Exercise
After finding the line with "本解決方案針對(duì)當(dāng)下" in the entries below, retype exactly each line from there through the line with "TYPES OF CELL", including that final line.

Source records
****************

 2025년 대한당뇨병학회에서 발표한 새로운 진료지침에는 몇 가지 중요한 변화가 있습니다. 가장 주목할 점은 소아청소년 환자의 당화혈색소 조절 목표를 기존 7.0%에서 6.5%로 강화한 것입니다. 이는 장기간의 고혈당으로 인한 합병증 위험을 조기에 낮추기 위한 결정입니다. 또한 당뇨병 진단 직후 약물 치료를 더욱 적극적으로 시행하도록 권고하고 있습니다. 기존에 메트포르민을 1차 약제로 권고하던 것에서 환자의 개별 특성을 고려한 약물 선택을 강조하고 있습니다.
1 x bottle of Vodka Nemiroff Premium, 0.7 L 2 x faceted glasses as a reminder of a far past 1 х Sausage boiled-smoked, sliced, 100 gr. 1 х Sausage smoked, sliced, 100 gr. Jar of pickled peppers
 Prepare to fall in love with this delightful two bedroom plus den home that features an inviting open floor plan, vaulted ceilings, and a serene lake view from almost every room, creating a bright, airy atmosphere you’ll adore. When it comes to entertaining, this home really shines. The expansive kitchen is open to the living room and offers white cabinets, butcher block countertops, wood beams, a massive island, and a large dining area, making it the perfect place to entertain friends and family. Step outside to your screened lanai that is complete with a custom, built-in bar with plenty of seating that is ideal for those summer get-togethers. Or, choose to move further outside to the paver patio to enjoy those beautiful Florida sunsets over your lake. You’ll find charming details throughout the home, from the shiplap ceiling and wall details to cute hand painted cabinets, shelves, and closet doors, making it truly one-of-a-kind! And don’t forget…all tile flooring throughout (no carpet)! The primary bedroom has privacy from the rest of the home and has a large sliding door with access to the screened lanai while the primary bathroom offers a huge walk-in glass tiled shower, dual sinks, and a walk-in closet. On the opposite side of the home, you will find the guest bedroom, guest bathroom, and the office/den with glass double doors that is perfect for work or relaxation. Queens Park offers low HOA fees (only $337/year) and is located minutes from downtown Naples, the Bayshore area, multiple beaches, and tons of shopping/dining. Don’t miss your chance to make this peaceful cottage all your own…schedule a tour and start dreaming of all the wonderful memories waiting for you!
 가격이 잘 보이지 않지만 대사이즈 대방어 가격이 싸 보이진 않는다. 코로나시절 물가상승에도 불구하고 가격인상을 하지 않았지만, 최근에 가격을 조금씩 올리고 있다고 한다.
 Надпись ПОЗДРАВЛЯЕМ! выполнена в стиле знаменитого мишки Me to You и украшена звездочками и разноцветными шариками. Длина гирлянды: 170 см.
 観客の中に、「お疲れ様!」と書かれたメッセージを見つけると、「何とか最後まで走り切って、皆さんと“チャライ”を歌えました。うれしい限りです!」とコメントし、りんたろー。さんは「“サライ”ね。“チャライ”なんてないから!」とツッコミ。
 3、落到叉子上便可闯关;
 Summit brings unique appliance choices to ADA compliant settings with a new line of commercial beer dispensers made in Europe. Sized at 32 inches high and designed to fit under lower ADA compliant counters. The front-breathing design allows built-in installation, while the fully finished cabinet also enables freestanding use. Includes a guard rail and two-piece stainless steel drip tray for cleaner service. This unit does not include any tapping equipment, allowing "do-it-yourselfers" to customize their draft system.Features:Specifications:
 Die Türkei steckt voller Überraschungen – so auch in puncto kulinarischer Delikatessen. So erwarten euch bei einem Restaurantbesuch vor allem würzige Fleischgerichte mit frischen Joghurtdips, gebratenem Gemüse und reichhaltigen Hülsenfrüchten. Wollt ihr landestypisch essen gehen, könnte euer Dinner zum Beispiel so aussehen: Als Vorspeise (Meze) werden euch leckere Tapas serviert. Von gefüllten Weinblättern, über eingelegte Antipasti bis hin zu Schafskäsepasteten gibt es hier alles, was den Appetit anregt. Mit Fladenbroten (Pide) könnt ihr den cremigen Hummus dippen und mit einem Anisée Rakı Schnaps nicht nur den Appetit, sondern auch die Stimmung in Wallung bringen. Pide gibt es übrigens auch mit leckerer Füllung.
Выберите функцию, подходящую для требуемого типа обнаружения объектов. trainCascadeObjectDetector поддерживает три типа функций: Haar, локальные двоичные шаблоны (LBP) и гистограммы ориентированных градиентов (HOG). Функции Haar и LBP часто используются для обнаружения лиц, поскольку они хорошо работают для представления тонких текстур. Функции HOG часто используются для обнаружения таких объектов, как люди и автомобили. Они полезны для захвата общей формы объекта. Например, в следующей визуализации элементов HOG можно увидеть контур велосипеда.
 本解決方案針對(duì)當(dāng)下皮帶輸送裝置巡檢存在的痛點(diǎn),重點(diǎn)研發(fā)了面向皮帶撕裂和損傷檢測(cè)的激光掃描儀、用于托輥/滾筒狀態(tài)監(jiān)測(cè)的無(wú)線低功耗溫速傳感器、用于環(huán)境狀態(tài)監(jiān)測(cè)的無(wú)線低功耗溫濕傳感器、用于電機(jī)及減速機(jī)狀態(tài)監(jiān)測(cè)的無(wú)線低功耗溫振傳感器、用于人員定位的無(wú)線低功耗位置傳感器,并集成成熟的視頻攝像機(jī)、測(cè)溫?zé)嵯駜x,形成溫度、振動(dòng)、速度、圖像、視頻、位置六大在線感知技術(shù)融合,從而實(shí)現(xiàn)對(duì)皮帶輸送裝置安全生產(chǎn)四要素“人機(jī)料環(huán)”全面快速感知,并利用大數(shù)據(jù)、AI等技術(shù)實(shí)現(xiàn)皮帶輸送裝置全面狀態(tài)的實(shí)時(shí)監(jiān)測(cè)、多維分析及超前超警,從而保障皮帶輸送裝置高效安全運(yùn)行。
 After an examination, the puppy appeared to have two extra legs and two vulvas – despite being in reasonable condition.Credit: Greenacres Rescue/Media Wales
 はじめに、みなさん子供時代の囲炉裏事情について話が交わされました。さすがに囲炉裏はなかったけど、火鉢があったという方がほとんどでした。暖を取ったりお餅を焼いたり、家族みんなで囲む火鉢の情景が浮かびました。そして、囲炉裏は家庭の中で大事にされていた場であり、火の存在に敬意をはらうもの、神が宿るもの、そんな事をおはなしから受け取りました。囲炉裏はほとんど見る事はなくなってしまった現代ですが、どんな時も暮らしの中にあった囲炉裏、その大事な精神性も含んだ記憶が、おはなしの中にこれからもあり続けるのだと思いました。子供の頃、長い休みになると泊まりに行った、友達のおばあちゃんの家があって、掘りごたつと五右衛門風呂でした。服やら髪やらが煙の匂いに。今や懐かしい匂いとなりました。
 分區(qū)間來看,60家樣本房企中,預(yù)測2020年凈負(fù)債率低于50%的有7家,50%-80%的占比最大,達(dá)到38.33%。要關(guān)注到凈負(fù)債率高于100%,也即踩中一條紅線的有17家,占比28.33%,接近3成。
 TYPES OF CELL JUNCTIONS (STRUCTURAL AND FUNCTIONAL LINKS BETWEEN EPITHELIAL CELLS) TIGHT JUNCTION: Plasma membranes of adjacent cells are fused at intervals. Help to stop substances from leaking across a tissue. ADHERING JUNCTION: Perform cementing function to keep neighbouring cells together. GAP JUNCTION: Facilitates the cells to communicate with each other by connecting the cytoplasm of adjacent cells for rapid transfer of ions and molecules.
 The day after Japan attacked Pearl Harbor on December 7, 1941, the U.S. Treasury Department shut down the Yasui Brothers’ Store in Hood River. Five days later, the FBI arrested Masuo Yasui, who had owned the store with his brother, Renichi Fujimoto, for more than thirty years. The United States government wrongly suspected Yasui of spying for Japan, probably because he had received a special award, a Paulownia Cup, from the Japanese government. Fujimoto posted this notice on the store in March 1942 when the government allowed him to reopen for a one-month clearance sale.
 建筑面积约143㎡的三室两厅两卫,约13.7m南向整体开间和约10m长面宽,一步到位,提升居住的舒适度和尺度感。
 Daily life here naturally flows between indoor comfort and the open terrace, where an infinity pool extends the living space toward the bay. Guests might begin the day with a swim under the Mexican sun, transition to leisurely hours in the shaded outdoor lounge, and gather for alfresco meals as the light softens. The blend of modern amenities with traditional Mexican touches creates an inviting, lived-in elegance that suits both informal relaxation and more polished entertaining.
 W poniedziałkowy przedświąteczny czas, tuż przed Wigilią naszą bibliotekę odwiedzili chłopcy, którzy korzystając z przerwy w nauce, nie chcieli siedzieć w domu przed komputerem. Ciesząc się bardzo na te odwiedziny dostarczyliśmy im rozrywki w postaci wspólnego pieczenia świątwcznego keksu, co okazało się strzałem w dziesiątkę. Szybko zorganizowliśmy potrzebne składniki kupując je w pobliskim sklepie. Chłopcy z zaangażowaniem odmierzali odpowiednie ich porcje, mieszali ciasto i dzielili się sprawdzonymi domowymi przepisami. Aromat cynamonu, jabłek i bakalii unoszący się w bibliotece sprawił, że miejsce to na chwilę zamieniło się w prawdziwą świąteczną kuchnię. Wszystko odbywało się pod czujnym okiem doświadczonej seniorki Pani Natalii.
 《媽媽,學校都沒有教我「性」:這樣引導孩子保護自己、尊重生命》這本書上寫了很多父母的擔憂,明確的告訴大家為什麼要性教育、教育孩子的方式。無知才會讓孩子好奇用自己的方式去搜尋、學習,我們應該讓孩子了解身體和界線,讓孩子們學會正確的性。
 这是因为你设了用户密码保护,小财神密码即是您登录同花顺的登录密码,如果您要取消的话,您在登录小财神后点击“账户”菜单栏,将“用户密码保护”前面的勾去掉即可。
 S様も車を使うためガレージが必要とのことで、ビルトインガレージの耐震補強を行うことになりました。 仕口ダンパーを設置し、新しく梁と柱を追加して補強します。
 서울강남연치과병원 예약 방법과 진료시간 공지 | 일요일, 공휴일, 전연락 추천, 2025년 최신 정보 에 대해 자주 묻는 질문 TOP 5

****************

Answer space
 本解決方案針對(duì)當(dāng)下皮帶輸送裝置巡檢存在的痛點(diǎn),重點(diǎn)研發(fā)了面向皮帶撕裂和損傷檢測(cè)的激光掃描儀、用于托輥/滾筒狀態(tài)監(jiān)測(cè)的無(wú)線低功耗溫速傳感器、用于環(huán)境狀態(tài)監(jiān)測(cè)的無(wú)線低功耗溫濕傳感器、用于電機(jī)及減速機(jī)狀態(tài)監(jiān)測(cè)的無(wú)線低功耗溫振傳感器、用于人員定位的無(wú)線低功耗位置傳感器,并集成成熟的視頻攝像機(jī)、測(cè)溫?zé)嵯駜x,形成溫度、振動(dòng)、速度、圖像、視頻、位置六大在線感知技術(shù)融合,從而實(shí)現(xiàn)對(duì)皮帶輸送裝置安全生產(chǎn)四要素“人機(jī)料環(huán)”全面快速感知,并利用大數(shù)據(jù)、AI等技術(shù)實(shí)現(xiàn)皮帶輸送裝置全面狀態(tài)的實(shí)時(shí)監(jiān)測(cè)、多維分析及超前超警,從而保障皮帶輸送裝置高效安全運(yùn)行。
 After an examination, the puppy appeared to have two extra legs and two vulvas – despite being in reasonable condition.Credit: Greenacres Rescue/Media Wales
 はじめに、みなさん子供時代の囲炉裏事情について話が交わされました。さすがに囲炉裏はなかったけど、火鉢があったという方がほとんどでした。暖を取ったりお餅を焼いたり、家族みんなで囲む火鉢の情景が浮かびました。そして、囲炉裏は家庭の中で大事にされていた場であり、火の存在に敬意をはらうもの、神が宿るもの、そんな事をおはなしから受け取りました。囲炉裏はほとんど見る事はなくなってしまった現代ですが、どんな時も暮らしの中にあった囲炉裏、その大事な精神性も含んだ記憶が、おはなしの中にこれからもあり続けるのだと思いました。子供の頃、長い休みになると泊まりに行った、友達のおばあちゃんの家があって、掘りごたつと五右衛門風呂でした。服やら髪やらが煙の匂いに。今や懐かしい匂いとなりました。
 分區(qū)間來看,60家樣本房企中,預(yù)測2020年凈負(fù)債率低于50%的有7家,50%-80%的占比最大,達(dá)到38.33%。要關(guān)注到凈負(fù)債率高于100%,也即踩中一條紅線的有17家,占比28.33%,接近3成。
 TYPES OF CELL JUNCTIONS (STRUCTURAL AND FUNCTIONAL LINKS BETWEEN EPITHELIAL CELLS) TIGHT JUNCTION: Plasma membranes of adjacent cells are fused at intervals. Help to stop substances from leaking across a tissue. ADHERING JUNCTION: Perform cementing function to keep neighbouring cells together. GAP JUNCTION: Facilitates the cells to communicate with each other by connecting the cytoplasm of adjacent cells for rapid transfer of ions and molecules.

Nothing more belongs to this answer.